Data sources for the Power BI service
Data is at the heart of Power BI. Whenever you’re exploring data, creating charts and dashboards, asking questions with Q&A, all of those visualizations and answers you see are really getting their underlying data from a dataset. But where does that dataset come from? Well, from a data source.
In this article, we’re going to go over the different types of data sources you can connect to from the Power BI service. Keep in-mind, there are many other types of data sources you can get data from, too. But those might require first using Power BI Desktop or Excel’s advanced data query and modeling features. We’ll go into more about that later. For now, let’s look at the different types of data sources you can connect to right from your Power BI service site.
You can get data from any of these data sources in Power BI by clicking My Workspace > Get Data.

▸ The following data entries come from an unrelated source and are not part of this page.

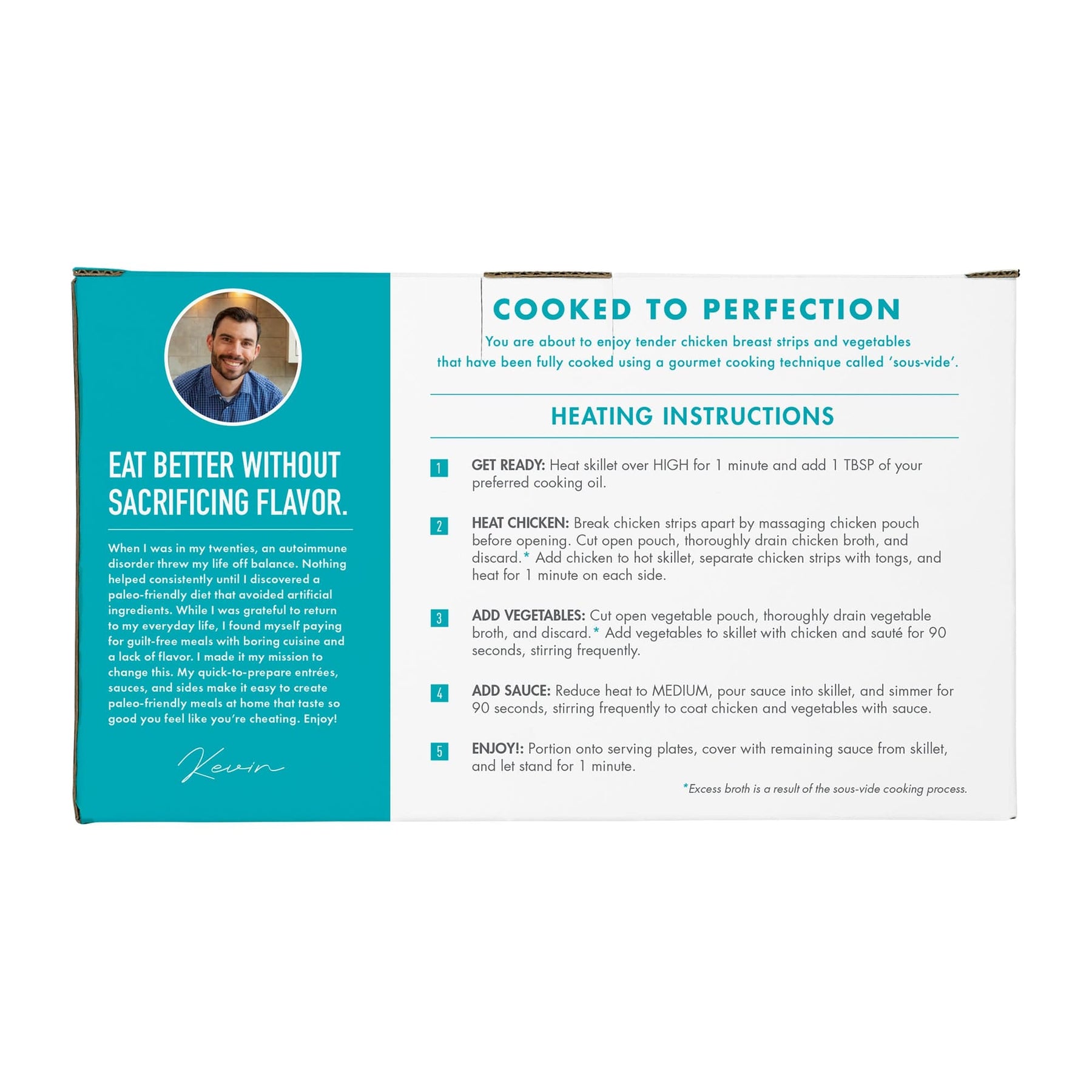 Tender chicken breast strips and sous-vide vegetables paired with a soy-free teriyaki sauce made with coconut aminos, ginger, and garlic.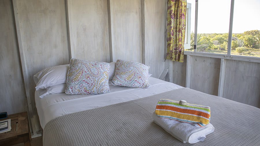 Cosy and an oasis of calm, the cabana at Frangipani Glamping, is the ideal place to switch off from modern life and have a digital detox. The cabana is rustic, painted pale blue on the outside and whitewashed on the inside.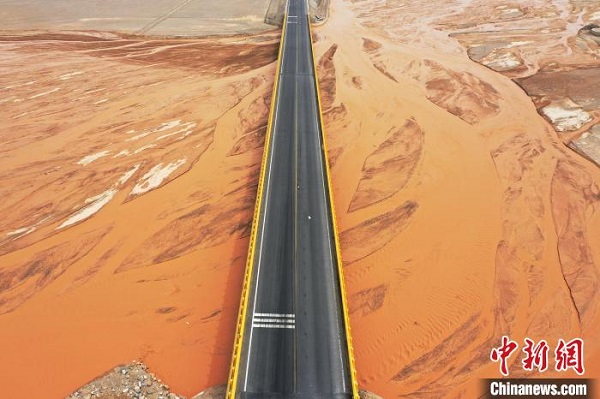 圖為青海格爾木至老茫崖公路穿過(guò)河流。青海省交控集團(tuán)供圖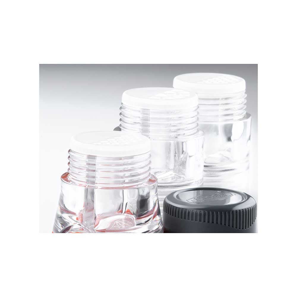 Całość składa się z 3 pojemników. Każdy pojemniczek podzielony jest na dwie komory, w przyprawniku można więc przechowywać aż 6 różnych przypraw, a dozowniki o małych i większych otworach zapewniają odmierzenie idealnej ilości każdej z nich.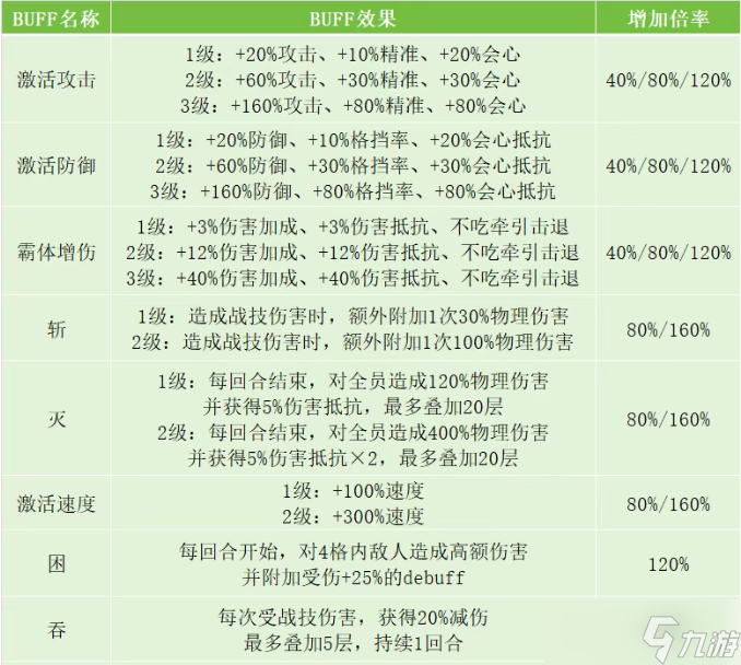 这些BUFF,我们首先要排除的就是“困、吞、助、灭”,这四个BUFF在长线战斗中极其强大。“斩”看似不强,但配合无限的多段技能输出爆表,同样不能点;
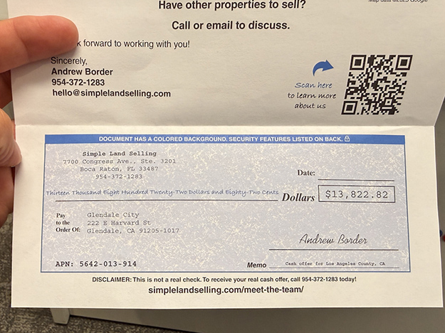 After the route I went upstairs to use the bathroom, since the downstairs one was being cleaned. While up there I visited with Joe and I saw a letter on his desk that looked interesting. I picked it up and it was an offer to buy the library property. The offer was for $13,000 roughly. But, I read it wrong and thought it was $13M. Joe corrected me and we both had a laugh about how $13,000 wouldn't get you much more than a dozen square feet in LA. If that.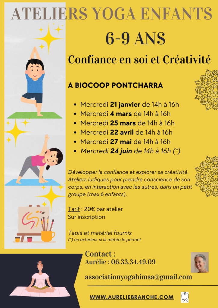 Merci au magasin Biocoop de Pontcharra de me prêter une salle pour des ateliers mensuels de yoga pour enfants. Petit groupe (entre 4 et 6 enfants), sur le thème de la Confiance en soi et la Créativité. Venez explorer la magie du yoga et laisser s’exprimer votre créativité !Au programme: la météo du jour, des exercices d’ancrage, des postures de yoga et de respiration, la réalisation de mandalas, le tout dans une ambiance ludique, bienveillante et respectueuse de soi et des autres.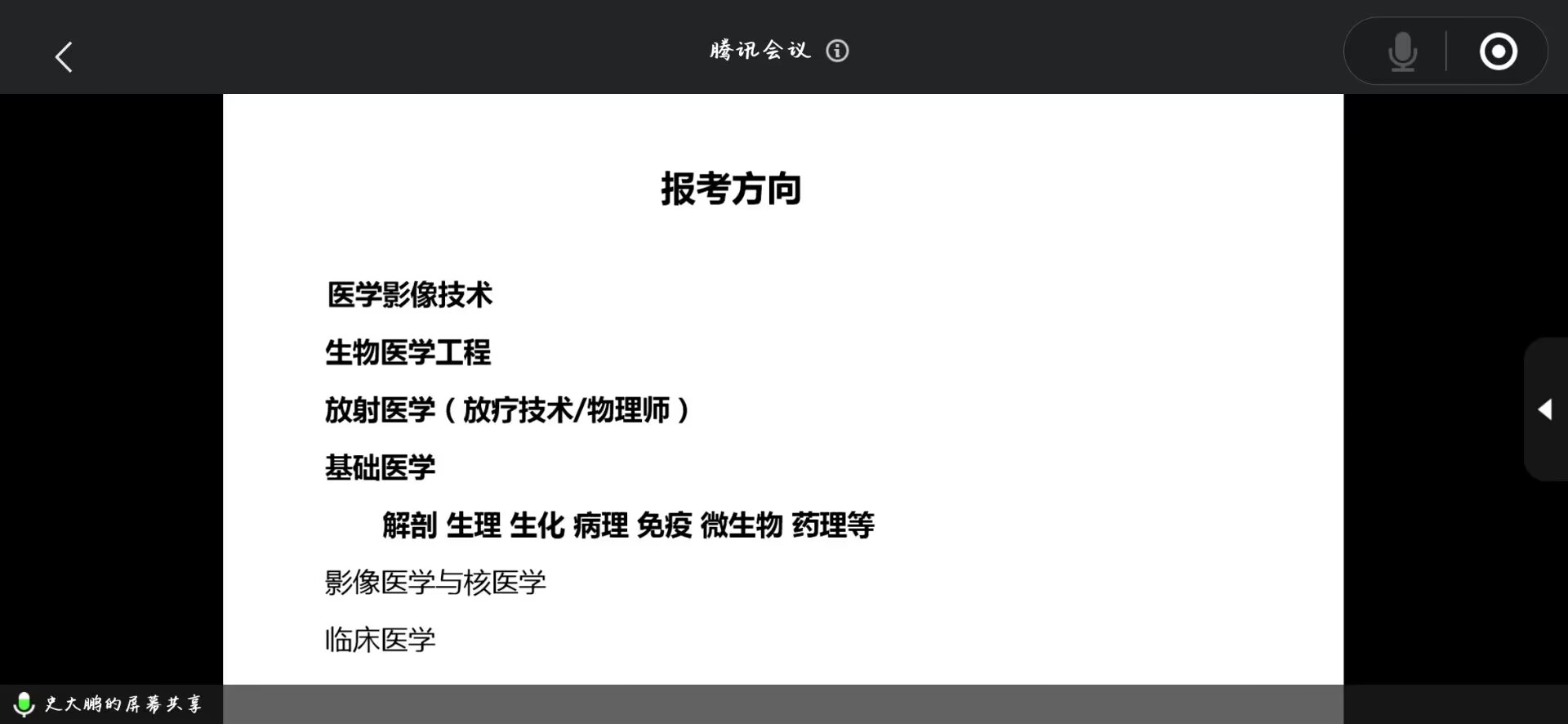会上,史大鹏结合影像专业相关知识及多年丰富临床教学经验,从考研重要时间节点、报名流程、报名实例及学习计划四个方面为学生规划了清晰的备考建议。同时强调,专业课复习中记笔记和划重点的重要性,指出要多看、多练,一定要将专业课本“看懂”“吃透”。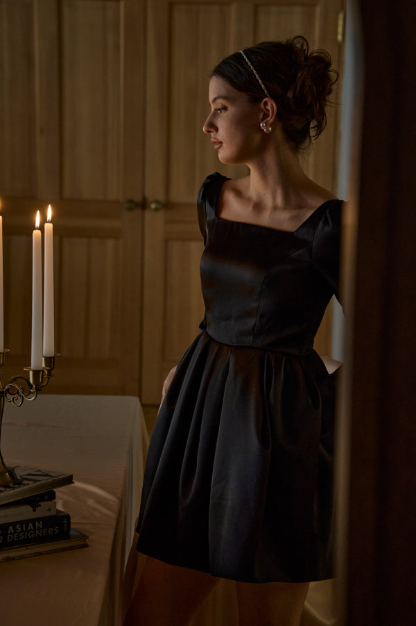 ほどよい厚みと美しい光沢を備えたサテンがフォルムを凛と保ち、立体的なシルエットに上質な陰影を描きます。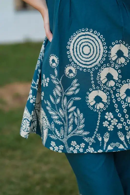 Suchita Jannat March 2024Verified BuyerObsessed with the PrintThe small floral and geometric prints are exquisite. It has a wonderful, handcrafted feel. I especially appreciate the small tassel and bead details on the neck—it makes jewelry optional!Teal Magic Cotton Co-ord Set Was this helpful? 0 0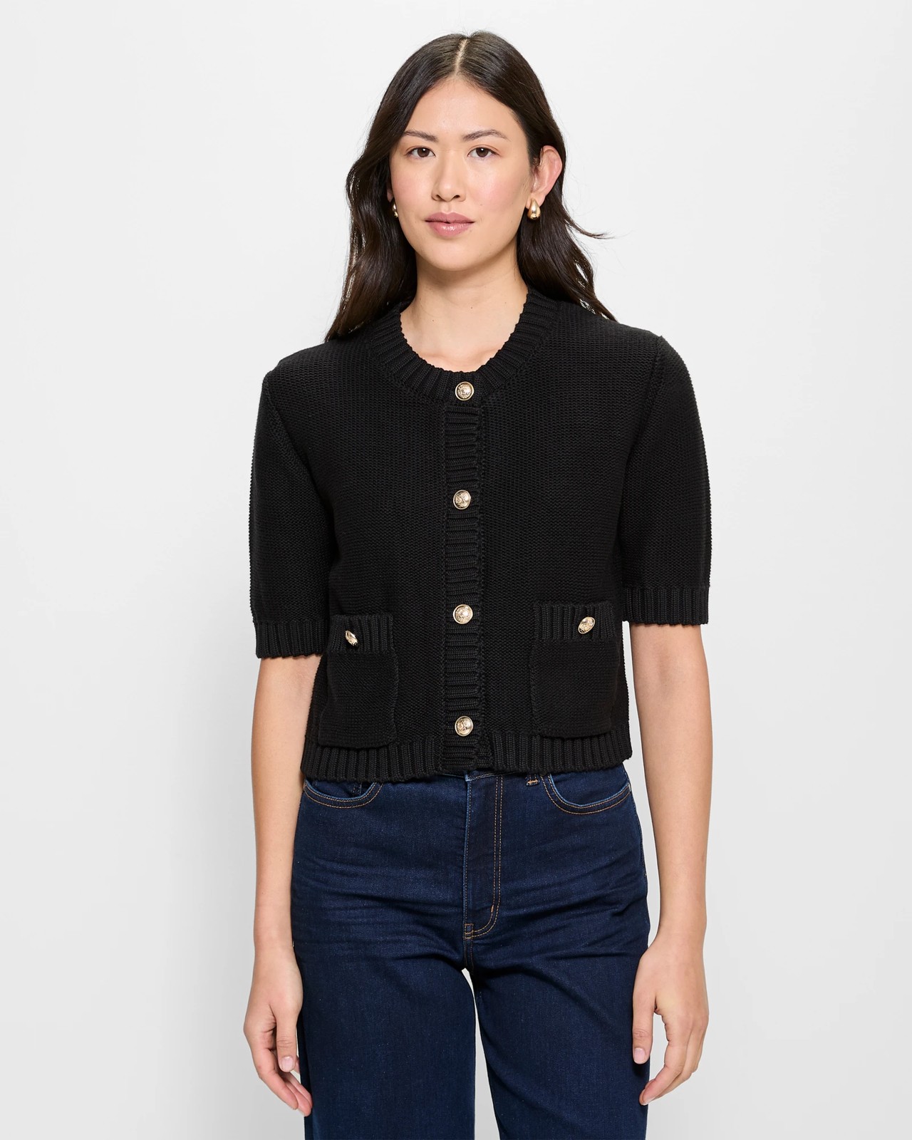 Fall in love with the comfort of our Australian Cotton Knit Cardigan. This women's cardigan, made from Australian cotton, offers a light and airy feel perfect for any season. Featuring an all-over knit design, it boasts a regular fit, a round ribbed neckline, and short ribbed cuff sleeves. The decorative gold buttons and practical front open pockets add a touch of charm and functionality. With its straight ribbed hemline and shorter length, this cardigan is a stylish addition to any wardrobe. Add it to your collection and enjoy a blend of style and ease.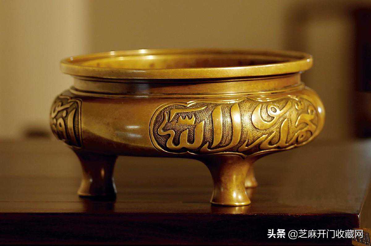 明大明宣德五年款铜阿拉伯文三足炉,尺寸:髙11厘米;口径20.5厘米;重5908g,成交价:RMB1,955,000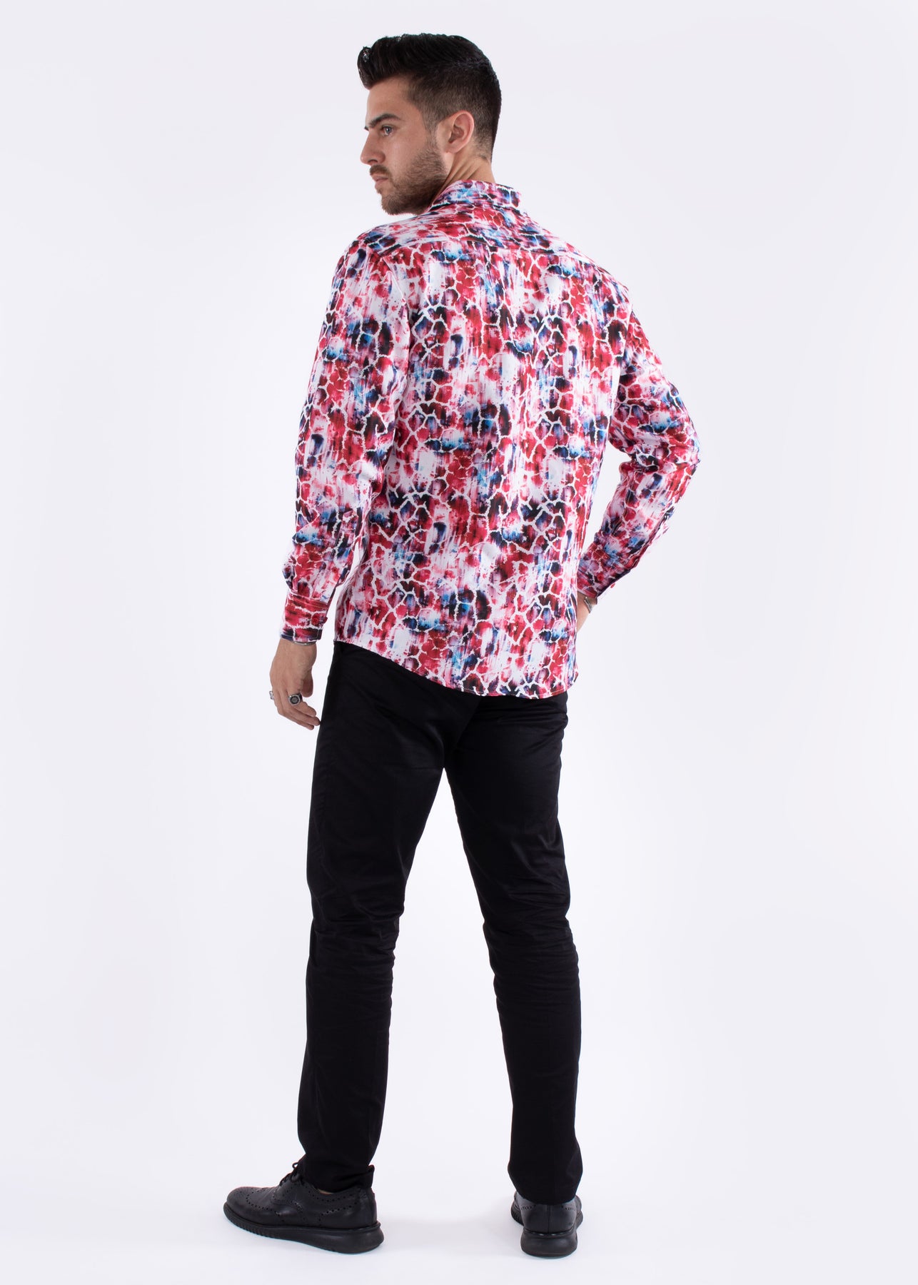 Multicolor Cracked Pattern Long Sleeve Dress Shirt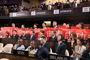 (250711) -- PARIS, 11 julio, 2025 (Xinhua) -- Delegados chinos festejan la inscripción de las Tumbas Imperiales de Xixia de China en la Lista del Patrimonio Mundial durante la 47ª sesión del Comité del Patrimonio Mundial, en París, Francia, el 11 de julio de 2025. La inscripción eleva a 60 el número total de sitios del Patrimonio Mundial en China. (Xinhua/Zhang Baihui) (rtg) (ra) (ce)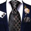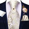 Hi-Tie hedvábná kravata Svatební oblek pro ženicha živě vázaná kravata Hanky manžetové knoflíčky na svatbu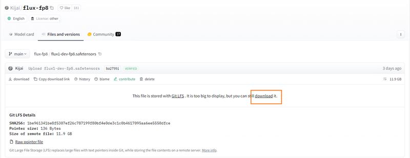 如果电脑配置一般的可以下载Flux-fp8精简版,只有11.9GB:https://huggingface.co/Kijai/flux-fp8/blob/main/flux1-dev-fp8.safetensors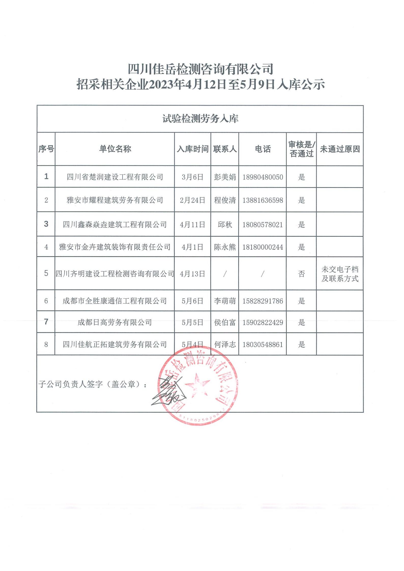 四川佳岳檢測(cè)咨詢有限公司(試驗(yàn)檢測(cè)勞務(wù)供應(yīng)商庫)2023年4月12日至5月9日入庫結(jié)果公示
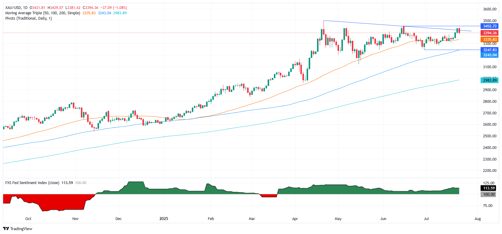 金价在美国(US)和欧盟(EU)接近簽署类似于华盛顿和东京周二簽署的协议的消息下跌至3400美元以下。因此,美元走低,為黄金提供了支撑。黄金/美元(XAU/USD)交易于3387美元,跌幅超过1.20%。

Excel (.xlsx, xlxm) – Excel is unique in that a workbook can have both data you’ve entered into worksheets yourself, and you can query and load data from external data sources by using Power Query (Get & Transform in Excel 2016) or Power Pivot. You can import data that is in tables in worksheets (the data must be in a table), or import data that is loaded into a data model. To learn more, see Get data from Excel.
Power BI Desktop (.pbix) - You can use Power BI Desktop to query and load data from external data sources, extend your data model with measures and relationships, and create reports. You can import your Power BI Desktop file into your Power BI site. Power BI Desktop is best for more advanced users who have a good understanding of their data sources, data query and transformation, and data modeling concepts. To learn more, see Connect to data in Power BI Desktop.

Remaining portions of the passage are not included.